Monday, January 5, 2015

We Hate Naptime

Dear Ash,

I think I hate nap time more than you do.

I don't really know what to do with you and sleep.

I always feel like I'm doing something wrong. I either put you down too soon or too late. Or maybe not, I can't tell. Because the only sign you give me of being tired is getting fussy. You don't rub your eyes or pull your ears, your eyes don't glaze over. You love exploring, so you just keep right on doing that until you start getting cranky, and by then, it's too late. It's already hard to put you to sleep. So I try to catch you before that happens, but then I worry you're not tired yet, because you cry and cry and won't go to sleep still.

Maybe you just don't like sleeping.

Usually, though, you honestly are pretty good about putting yourself to sleep. Sometimes you'll cry, but usually after only a few minutes, you fall asleep. In the mornings, anyways. The problem is, you still won't stay asleep. After your first morning nap (which is two to three hours long), the longest nap you take is an hour, with most of them being forty five minutes, on the dot.

That would be fine, if you woke up happy and refreshed. Only, you don't. I know it's not a long enough nap for you, because you are still tired and grouch. You yawn and fuss, with intervals of being happy (or at least, being distracted).

As the day goes on, you get crankier and crankier. It gets harder and harder to put you to sleep (probably because you are overtired) and you cry a lot more. By the time nine or ten rolls around (the time mommy is now wanting to go to sleep, thank you child who wakes me up in the middle of the night every night), you are impossible. You are too tired to do anything, even eat, much less sleep.
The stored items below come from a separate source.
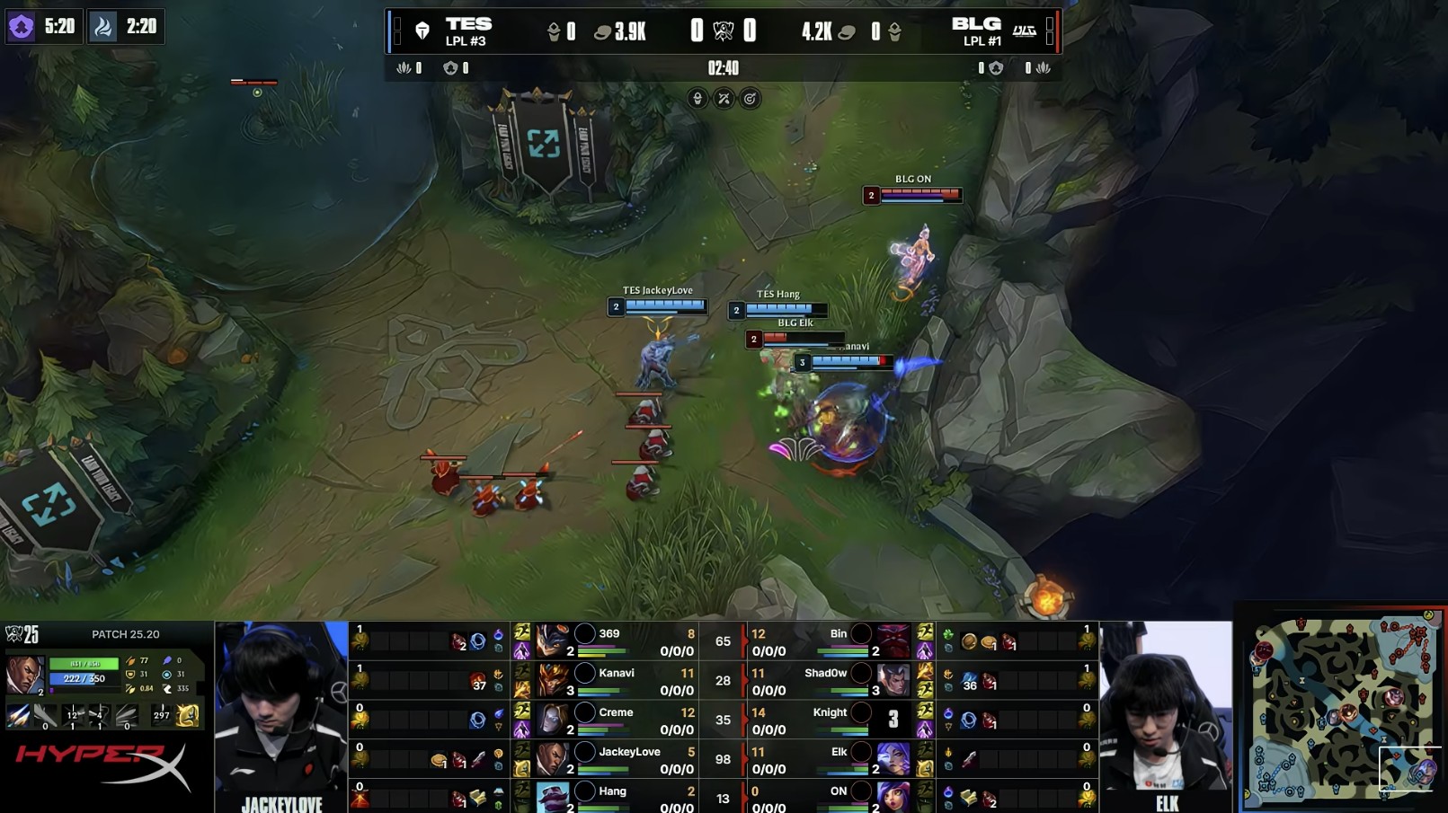 第2分钟,Kanavi打野变奏三级抓下,双方交出5个闪现后,Elk被抓死爆发本局一血;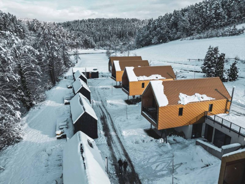 Die Lodge ist offen und organisch, eben 100% pures Abenteuer. Ideal für Freiheitsuchende, Familien und Freundeskreise. Drinnen Lärchenholzböden und hohe, lichtdurchflutete Räume. Davor ein Lärchenholz-Steg mit klarem Blick in den Sternenhimmel – überall viel Platz. Architektur und Natur ergänzen sich gegenseitig. Abends richtig klasse beleuchtet. Direkter Zugang über eine kleine Brücke zum EMOJI SPA Pavillon.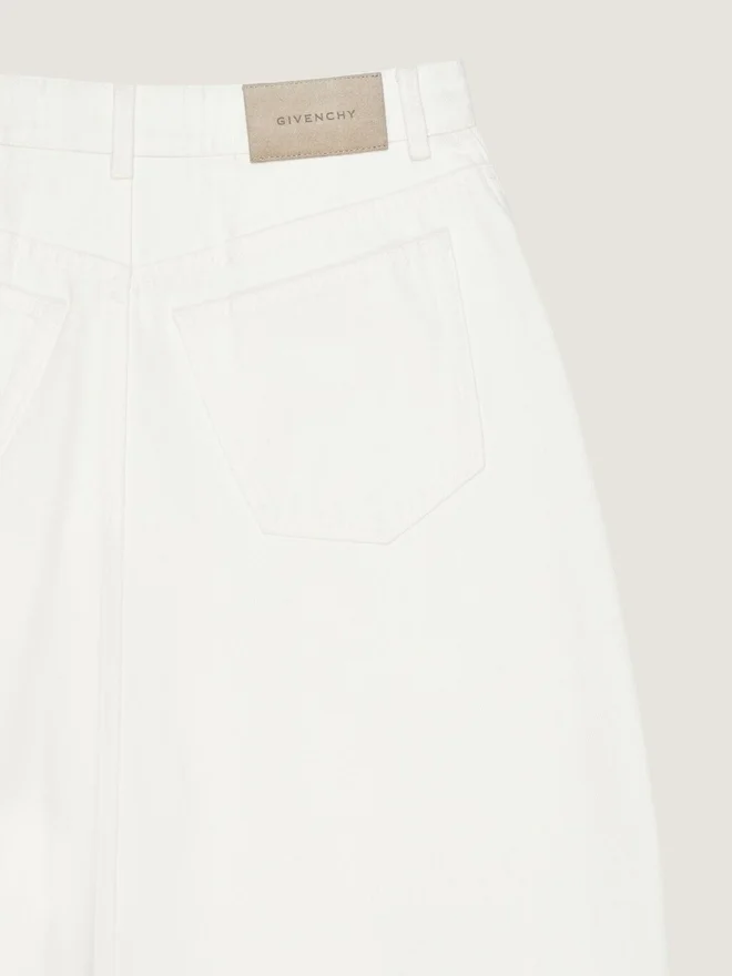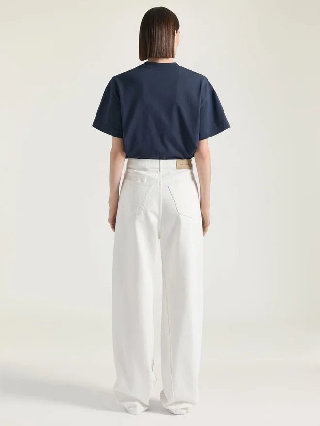 Volume is Exaggerated, Patterns Reworked and Seams Inverted to Shape the Cocoon Silhouette. Pants in White Denim. Waist with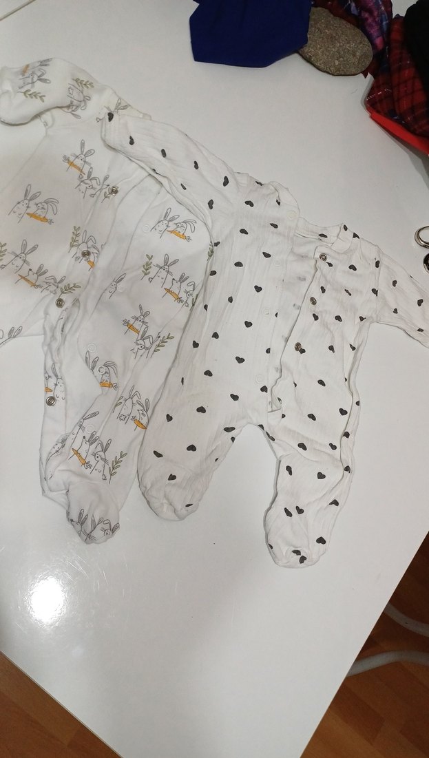 beyaz pamuk bebek tulumu, gri detaylarla konforlu bir kullanım sunar.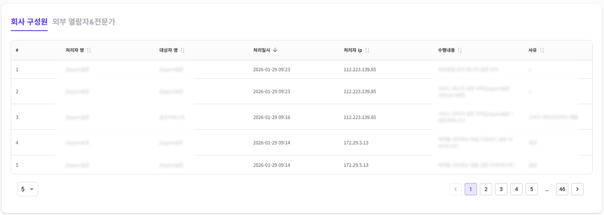 위치: 좌측 메뉴 > 개인정보 모니터링 > 권한 처리로그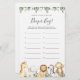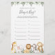 Baby shower à thème pour animaux Safari devinez ce qui est dans la carte de jeu sac de couches comprend une aquarelle safari animaux illustration et aquarelle vert guirlande eucalyptus et élégante police manuscrite.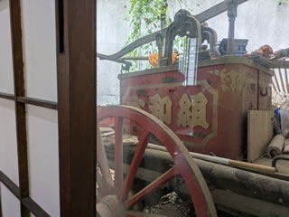 これは時代劇などで見る消防の「放水器」だ。『大和組』と大書してある。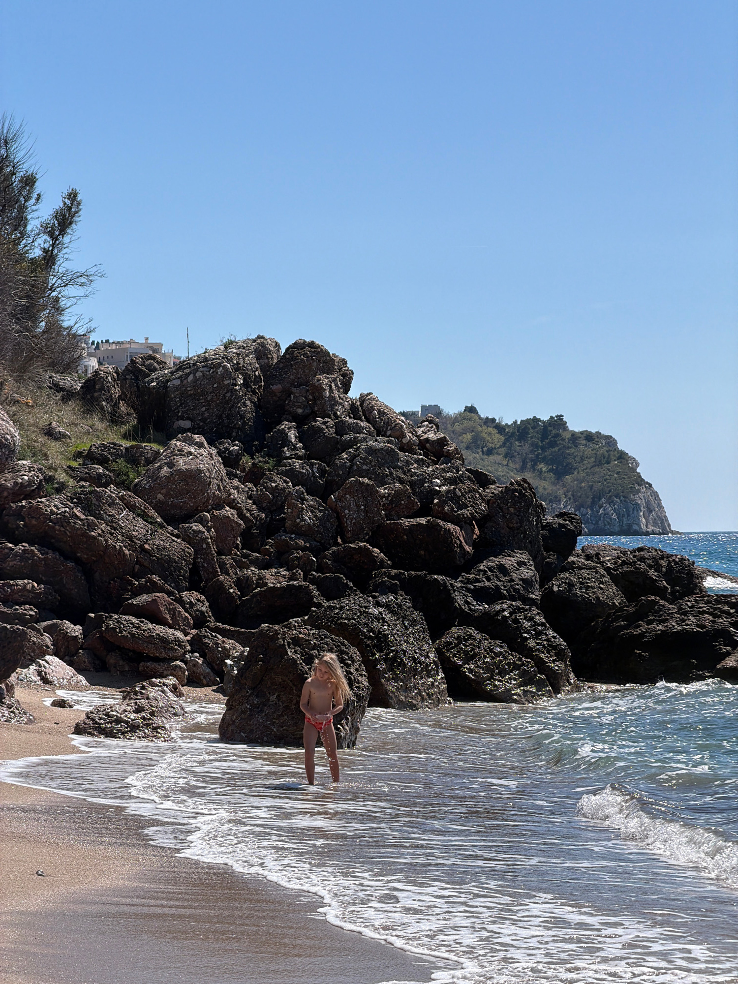 A scenic, sunlit beach scene in Drobnići, Montenegro, presents a rocky shoreline juxtaposed against the gentle wash of the sea. A young girl with blonde hair stands near the edge of the water, her fig…read more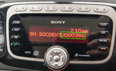 Aby odczytać numer seryjny należy wcisnąć na radiu równocześnie przycisk "1" i "6" bądź "2" i "6". Pojawi się numer seryjny składający się z 7 znaków np. V014395. Jeżeli nie ma możliwości odczytania kodu z radia to należy dokonać demontażu radia.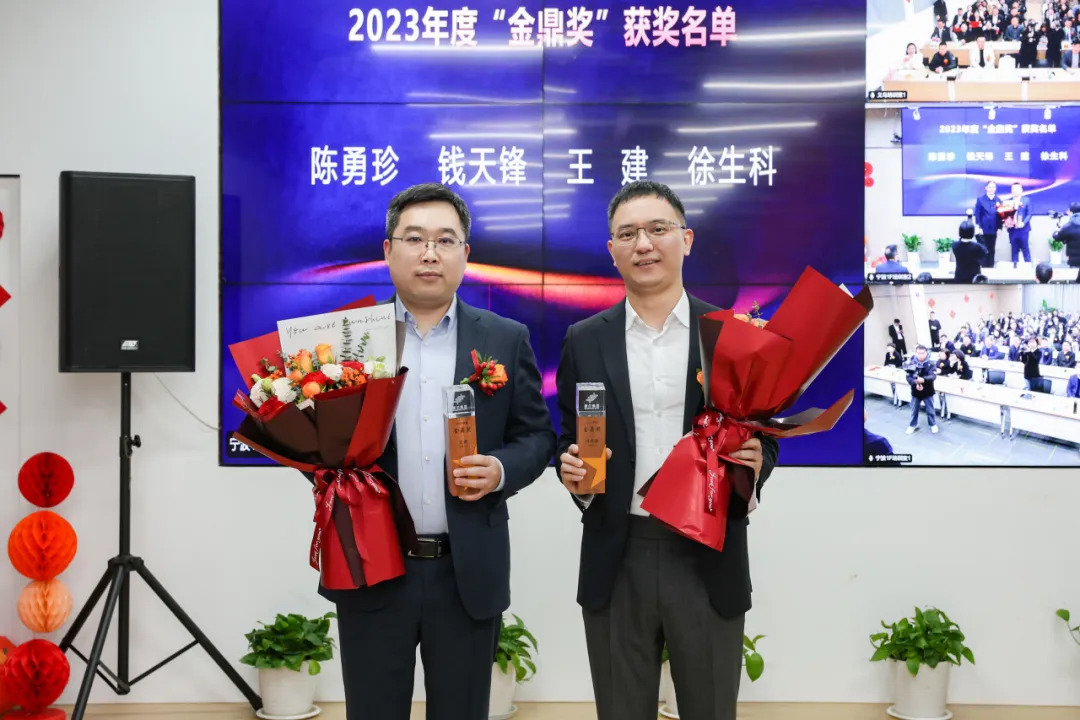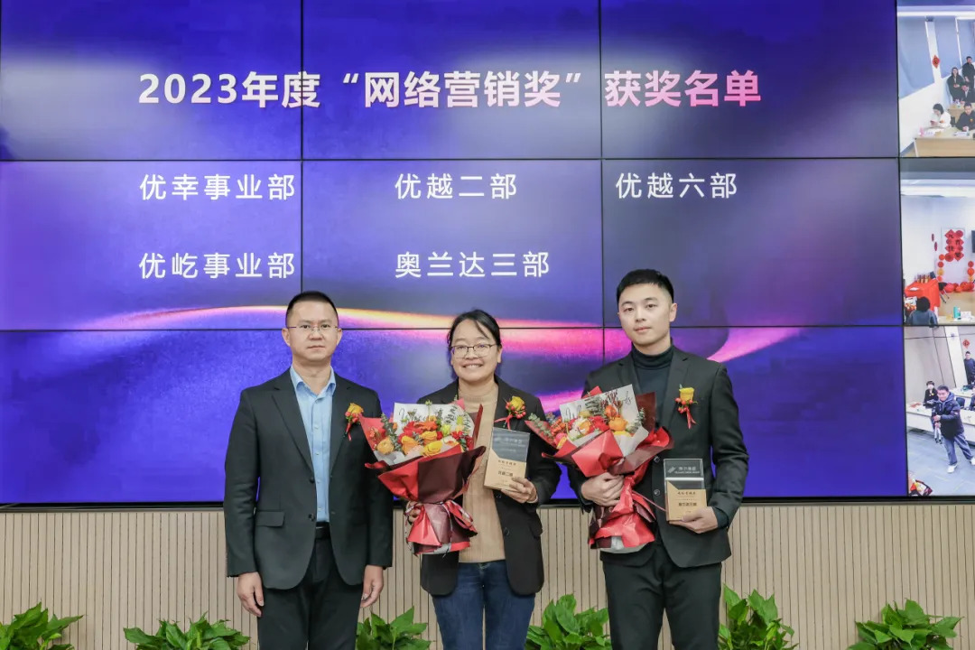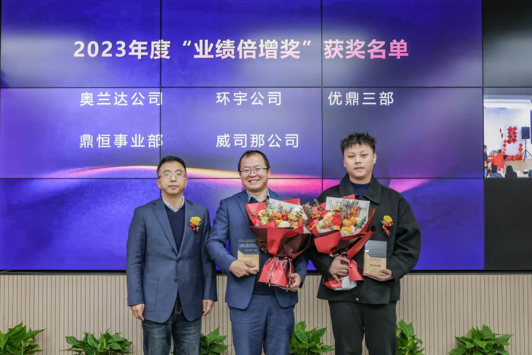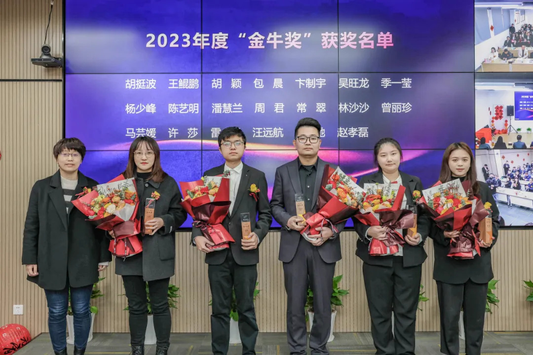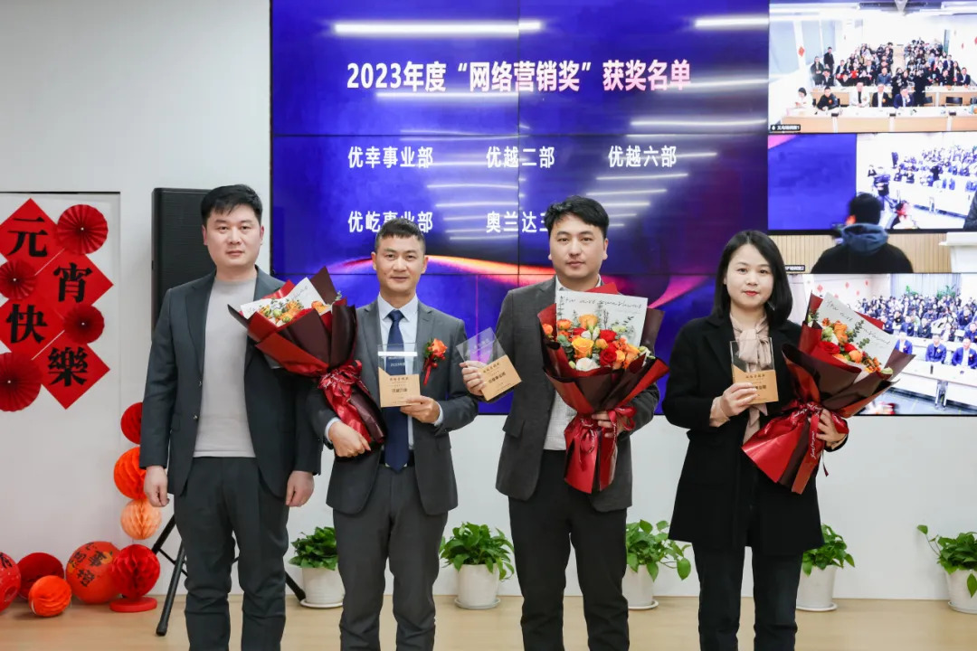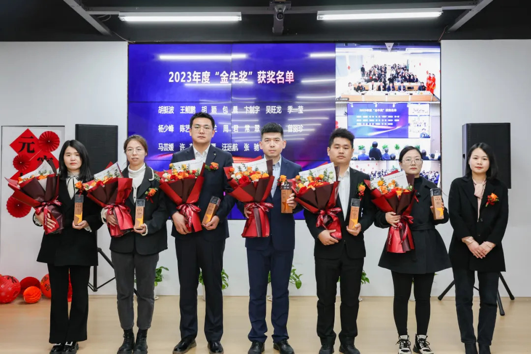 會議舉行年度重要獎項頒獎儀式。23年度集團設立集體獎項7個,優景公司榮獲文化建設獎和學習組織獎,優騰公司榮獲協同共享獎和清廉建設獎,優越公司榮獲創新活力獎,優遠公司榮獲人才磁石獎,集團單證風控部榮獲信息安全獎。23年集團設立團隊獎項6個,分別是藍海戰略獎、市場開拓獎、業績倍增獎、業務質量獎、網絡營銷獎和客戶服務獎,共有21個業務團隊獲得獎項榮譽。藍海戰略獎由優勝公司和優訊公司獲得,該獎項要求對新業態模式敏感,業務布局前瞻性強,有示范性新項目落地成功,公司業務布局成為集團重要業務賽道之一,陳勇珍和錢天鋒分別代表各自公司領取藍海戰略獎,所獲榮譽實至名歸。23年度陳勇珍、錢天鋒、王建、徐生科等四位業務總經理獲得個人獎項的最高榮譽金鼎獎,該獎項歷來以競爭激烈著稱,四位獲獎者憑借著業務規模、高速增長和盈利能力摘得金鼎桂冠。2023年度共有20位業務負責人憑借部門優秀業績,榮獲個人金牛獎項并現場上臺領獎。

I've tried everything. I've tried putting you down later. I've tried putting you down earlier. I've tried leaving you in there to see if you will go back to sleep (which ends with you getting mad and then staying mad the rest of the day, we no longer do that), or going in at certain intervals and giving you the pacifier again (this quiets you for five to ten minutes, but you never actually go back to sleep). We've tried putting you to sleep in the car seat and the baby swing and holding you. I don't know what else to do.

Trying to do a schedule with you is impossible. I swear, it is. I know you're still little, but some people say you can get a baby this little on a schedule. Maybe some babies are scheduleable, but I don't think you are. I think you might be a free spirit. Or you just understand the concept of a schedule yet.

I'm just waiting until your about three months (so close now) and I feel that you are old enough to really be put on a schedule. Three naps a day, one long stretch at night. Of course, I'll continue to wake up to feed you for as long as you need it, but I'm hoping when I can start implementing a more rigid nap schedule (or at least, more consistent, even if it's a little flexible), that will help you sleep at night.

I sure love you, baby. I hate seeing you struggle so much, I wish I could help you sleep. I know if you would just take longer naps, you'd be happier. And honestly, daddy and I would be a lot happier too. We'll just keep working on it.